* [WORK INSTRUCTION]: From the entries below, print exactly the span beginning with the line holding "2025年の「母の日」は5月" and ending with the line holding "Tauragės pareigūnai aiškinasi", endpoints included, and skip any pictures.

* [MATERIAL PROVIDED]:
BEGIN

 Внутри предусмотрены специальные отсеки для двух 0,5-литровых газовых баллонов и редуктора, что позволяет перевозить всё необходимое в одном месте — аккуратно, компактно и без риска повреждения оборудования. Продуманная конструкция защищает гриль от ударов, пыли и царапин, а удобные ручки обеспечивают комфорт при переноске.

END
BEGIN

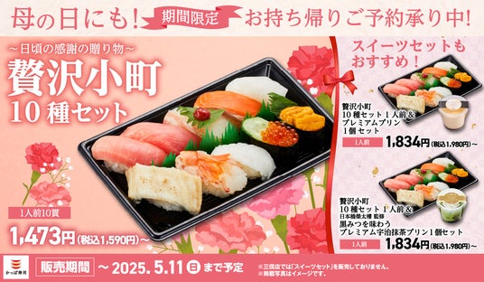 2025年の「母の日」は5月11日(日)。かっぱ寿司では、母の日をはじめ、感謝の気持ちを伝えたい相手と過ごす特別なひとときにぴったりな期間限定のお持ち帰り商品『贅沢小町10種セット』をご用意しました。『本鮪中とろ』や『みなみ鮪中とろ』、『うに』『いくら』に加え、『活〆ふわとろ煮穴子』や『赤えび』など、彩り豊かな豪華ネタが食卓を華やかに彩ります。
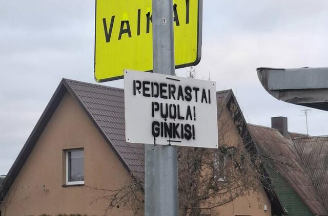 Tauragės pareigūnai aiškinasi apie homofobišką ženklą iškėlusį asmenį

END

* [OUTPUT]:
 2025年の「母の日」は5月11日(日)。かっぱ寿司では、母の日をはじめ、感謝の気持ちを伝えたい相手と過ごす特別なひとときにぴったりな期間限定のお持ち帰り商品『贅沢小町10種セット』をご用意しました。『本鮪中とろ』や『みなみ鮪中とろ』、『うに』『いくら』に加え、『活〆ふわとろ煮穴子』や『赤えび』など、彩り豊かな豪華ネタが食卓を華やかに彩ります。
 Tauragės pareigūnai aiškinasi apie homofobišką ženklą iškėlusį asmenį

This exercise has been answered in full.